Release notes

Version 0.3

5x performance increase

We acheived a roughly 5x performance increase (for the C++ interface) at the cost of a small (under 4%) increase in memory consumption. BlockSci can now iterate over every transaction input and output on the Bitcoin blockchain in about 1 second on a single 4-core EC2 instance. Most of the improvements came from improving memory alignment in data files.

In our paper we presented performance results for iterating over transactions using the C++ library (up to block 478,449 of the Bitcoin blockchain). In the table below we compare the timings reported in the paper (Old) to the corresponding timings for version 0.3 (New).

Iterating over Single Threaded Multithreaded
Old New Old New
Transaction headers 13.1 sec 3.0 sec 3.2 sec 0.6 sec
Transaction outputs 27.9 sec 3.4 sec 6.6 sec 0.9 sec
Transaction inputs & outputs 46.4 sec 4.2 sec 10.3 sec 1.1 sec
Headers in random order 303.0 sec 99.9 sec Unsupported Unsupported

In future versions we plan to bring the Python performance for most common types of queries closer to the C++ performance figures in the table.

New data format

As noted above, we updated the data format. This requires rerunning the parser from scratch if you are running a local copy of BlockSci. If you are using the EC2 AMI image you can simply launch a new server with the BlockSci 0.3 image.

SegWit support & API changes

  • We provide full support to two new address types (Pay to Witness Script Hash and Pay to Witness Pubkey Hash)

  • New distinction between address type and script type

    Version 0.3 introduces a distinction between two outputs which are sent the same way and two outputs that can be spent using the same information. This difference comes up in multiple circumstances including when a the same public key is used is a pay to public key hash output and inside a multisignature output.

    Inside the BlockSci interface these two related concepts map to the Address and Script types respectively.

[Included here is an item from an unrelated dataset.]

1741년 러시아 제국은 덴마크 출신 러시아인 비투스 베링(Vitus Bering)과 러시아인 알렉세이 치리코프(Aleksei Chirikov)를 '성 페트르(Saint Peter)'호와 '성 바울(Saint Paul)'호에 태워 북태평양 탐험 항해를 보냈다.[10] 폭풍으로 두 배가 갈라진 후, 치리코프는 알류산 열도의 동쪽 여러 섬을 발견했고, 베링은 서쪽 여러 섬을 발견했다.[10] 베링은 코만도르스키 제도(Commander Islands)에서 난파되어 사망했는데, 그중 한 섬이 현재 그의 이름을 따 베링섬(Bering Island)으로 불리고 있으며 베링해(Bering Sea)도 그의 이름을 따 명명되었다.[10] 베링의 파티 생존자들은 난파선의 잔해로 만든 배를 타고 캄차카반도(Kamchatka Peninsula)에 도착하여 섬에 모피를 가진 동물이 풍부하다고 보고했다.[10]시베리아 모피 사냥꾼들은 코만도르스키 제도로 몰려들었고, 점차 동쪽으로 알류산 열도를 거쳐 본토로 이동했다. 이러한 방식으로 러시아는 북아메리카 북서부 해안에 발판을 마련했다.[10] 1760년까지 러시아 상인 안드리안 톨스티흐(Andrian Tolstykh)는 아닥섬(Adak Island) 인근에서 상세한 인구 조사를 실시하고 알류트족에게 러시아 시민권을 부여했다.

Both objects possess very similar APIs, but operate somewhat differently. As an example, given a specific P2PKH address, address, the then address.outs() will return all outputs sent to that specific address. If the pubkey used in that address was also used in another type of output, this would not be shown. However calling address.script.outs() will return all outputs where that pubkey was used in any form.

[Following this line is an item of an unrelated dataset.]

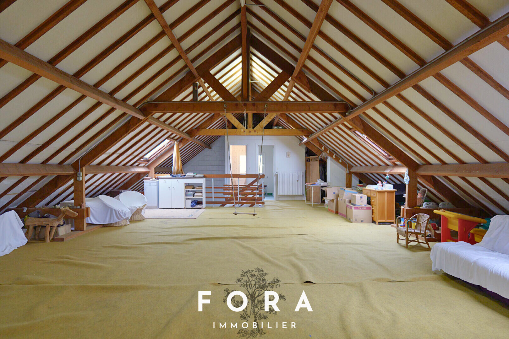 Votre agence FORA IMMOBILIER a le plaisir de vous proposer en exclusivité ce beau pavillon conçu par un architecte, offrant une surface habitable d'environ 190 m², avec sous-sol complet, édifié sur une parcelle arborée de 2 460 m². Vous bénéficiez également d'une seconde parcelle constructible d'environ 2 000 m², actuellement inexploitée. Au rez-de-chaussée, une entrée spacieuse vous accueille. Sur sa gauche, l'espace nuit se compose de trois chambres d'environ 10 m² chacune, d'une salle d'eau partiellement rénovée avec douche à l'italienne, d'une buanderie pouvant faire office d'espace bureau et d'un WC. La cuisine aménagée, fonctionnelle, est équipée de nombreux rangements sur-mesure. Une belle pièce de vie d'environ 40 m² avec cheminée à foyer ouvert, exposée plein sud, est baignée de lumière complètent ce niveau. A l'étage, vous profiterez d'un superbe espace de plus de 80 m² (surface Carrez), actuellement aménagé en mezzanine, mais pouvant facilement être reconfiguré en plusieurs chambres, pièces d'eau, salle de jeux, etc. Le plus de ce niveau : un WC et une salle d'eau y sont déjà aménagés. A l'extérieur, vous bénéficierez d'un jardin clos et arboré, bien entretenu, comprenant une terrasse exposée plein sud avec vue dégagée. Un garage de plus de 30 m², offrant un espace de stationnement. Contactez-nous rapidement afin d'obtenir plus de renseignements ou pour programmer une visite avec votre agence FORA IMMOBILIER !

    Additionally Script objects contain a large amount of information about the script used. For instance Multisig scripts provide access to all the pubkeys involved and P2SH scripts provide access to the wrapped address if it is known.

  • Moved heuristic-based behavior to a separate module (blocksci.heuristics) to make it easier to distinguish it from core functionality.

    The heuristics library contains two main types of heuristics: change address identification and transaction labeling. In the previous version these functionalities were included in the main functionality of the library making it difficult to distinguish between functions which are guaranteed to be correct and functions which only produce guesses.

    New versions of the API are accessable by using

    blocksci.heuristics.change_by_client_change_address_behavior(tx)
    blocksci.heuristics.is_coinjoin(tx)
    

Additional index lookup

We have added an index to allow the lookup of transactions by hash and addresses by address string.

Transactions can be looked up via blocksci.Tx(hash_string) and addresses can be looked up via blockcsi.Address.from_string(address_string).

Bug fixes

  • Many causes of crashes and instability have now been resolved.
  • Segwit support has been introduced. (Issue #1)
  • The address index lookups now will return correct results. (Issue #6)
  • The parser no longer reads beyond memory boundaries causing occasional crashes. (Issue #9)
  • The initial header parse phase is now multithreaded leading to a substantial performance increase. (Issue #12)
  • Fixed bitcoin-api-cpp headers so it now works on both mac and linux. (Issue #15)
  • The parser now provides feedback as it goes. (Issue #26)
  • The python module no longer crashes on exit. (Issue #25)

Limitations

Incremental updating of the blockchain is currently not supported due to some continuing bugs in blockchain reorg handling. Rerunning the parser in the uncommon situation that a previously parsed block has been orphaned may cause data corruption.

Version 0.2

This version was the initial release of BlockSci. Documentation for version 0.2 is still available.